- Prompt: Beginning with the line that contains "Дизайн может быть" and ending with the line that contains "江苏省2021年应届优秀大学毕业生选调考察人选名单一览", reproduce the lines of the entries below exactly, omitting pictures.

- Given entries:
▶
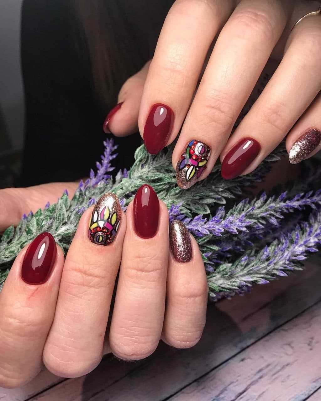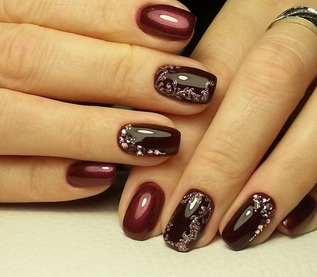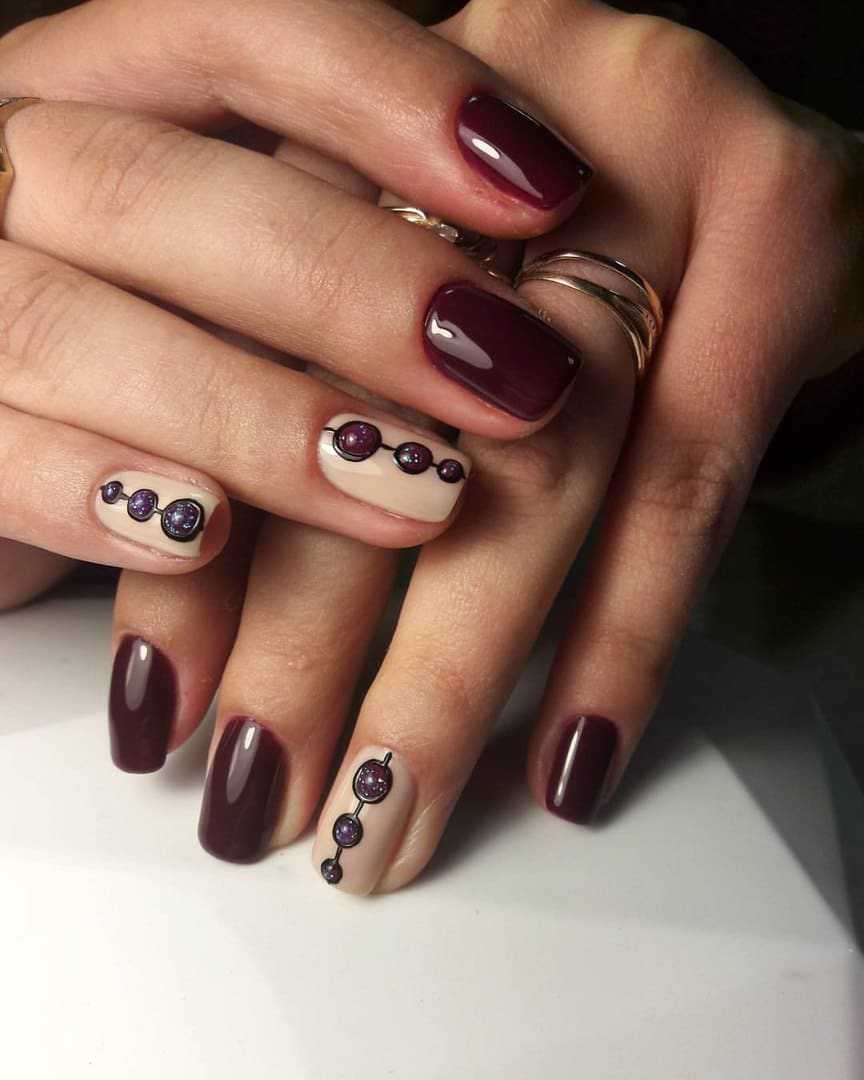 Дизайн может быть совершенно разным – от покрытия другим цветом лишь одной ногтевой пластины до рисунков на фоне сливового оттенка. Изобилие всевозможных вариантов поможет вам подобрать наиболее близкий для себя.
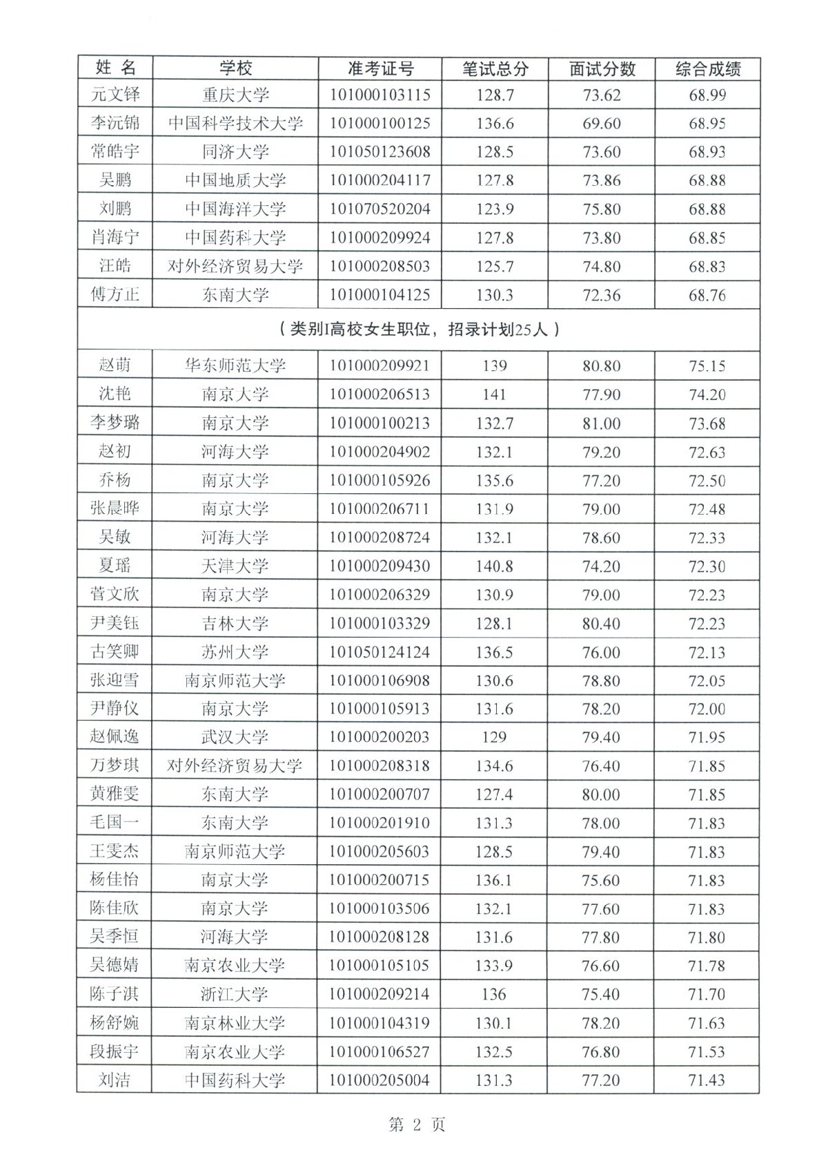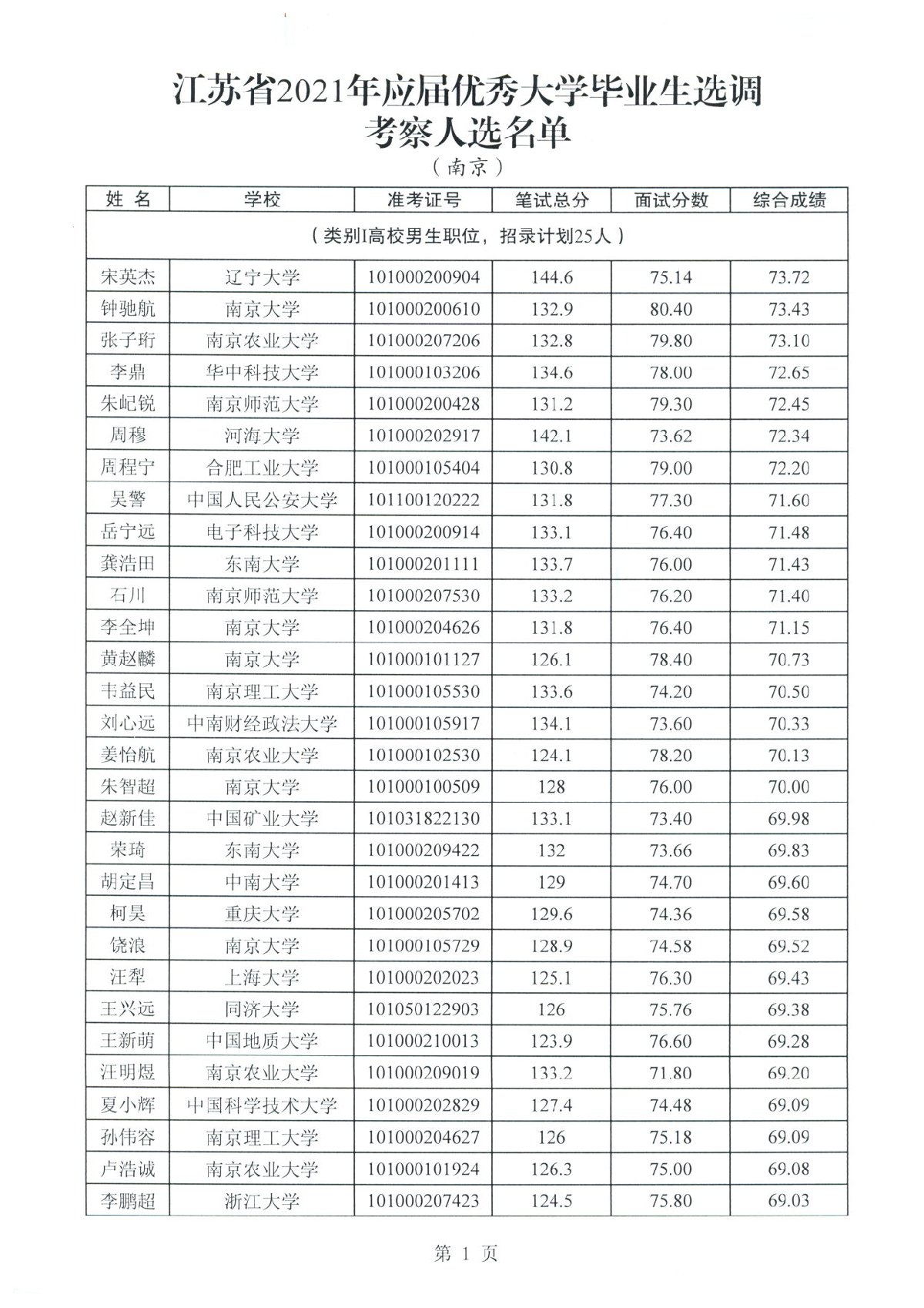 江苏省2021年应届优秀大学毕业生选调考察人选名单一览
◀
▶
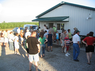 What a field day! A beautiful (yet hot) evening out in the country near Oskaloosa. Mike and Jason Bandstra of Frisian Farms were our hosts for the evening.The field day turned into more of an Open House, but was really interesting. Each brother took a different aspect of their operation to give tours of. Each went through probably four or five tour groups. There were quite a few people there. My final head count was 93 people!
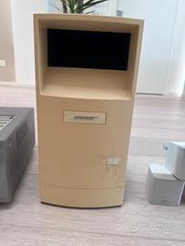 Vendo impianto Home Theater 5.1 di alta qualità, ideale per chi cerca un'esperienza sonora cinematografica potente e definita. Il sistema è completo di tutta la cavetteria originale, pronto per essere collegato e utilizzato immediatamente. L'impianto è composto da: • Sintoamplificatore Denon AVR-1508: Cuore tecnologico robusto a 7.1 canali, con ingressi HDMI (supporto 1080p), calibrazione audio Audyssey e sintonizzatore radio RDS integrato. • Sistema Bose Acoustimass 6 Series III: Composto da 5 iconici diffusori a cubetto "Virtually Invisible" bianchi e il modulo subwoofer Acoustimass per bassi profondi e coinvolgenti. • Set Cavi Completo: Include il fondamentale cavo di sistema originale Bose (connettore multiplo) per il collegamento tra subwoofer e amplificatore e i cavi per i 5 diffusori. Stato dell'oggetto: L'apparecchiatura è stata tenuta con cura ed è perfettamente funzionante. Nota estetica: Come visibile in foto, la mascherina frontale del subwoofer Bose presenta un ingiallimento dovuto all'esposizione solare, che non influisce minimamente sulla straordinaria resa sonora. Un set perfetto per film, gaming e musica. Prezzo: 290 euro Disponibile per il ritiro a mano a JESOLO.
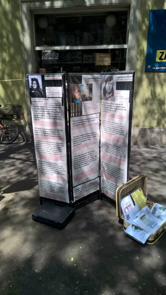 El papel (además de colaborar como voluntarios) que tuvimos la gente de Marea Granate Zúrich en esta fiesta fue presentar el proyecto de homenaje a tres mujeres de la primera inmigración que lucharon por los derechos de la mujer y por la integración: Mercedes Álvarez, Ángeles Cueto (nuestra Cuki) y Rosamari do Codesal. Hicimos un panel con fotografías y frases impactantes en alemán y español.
◀
- Exercise response:
 Дизайн может быть совершенно разным – от покрытия другим цветом лишь одной ногтевой пластины до рисунков на фоне сливового оттенка. Изобилие всевозможных вариантов поможет вам подобрать наиболее близкий для себя.
 江苏省2021年应届优秀大学毕业生选调考察人选名单一览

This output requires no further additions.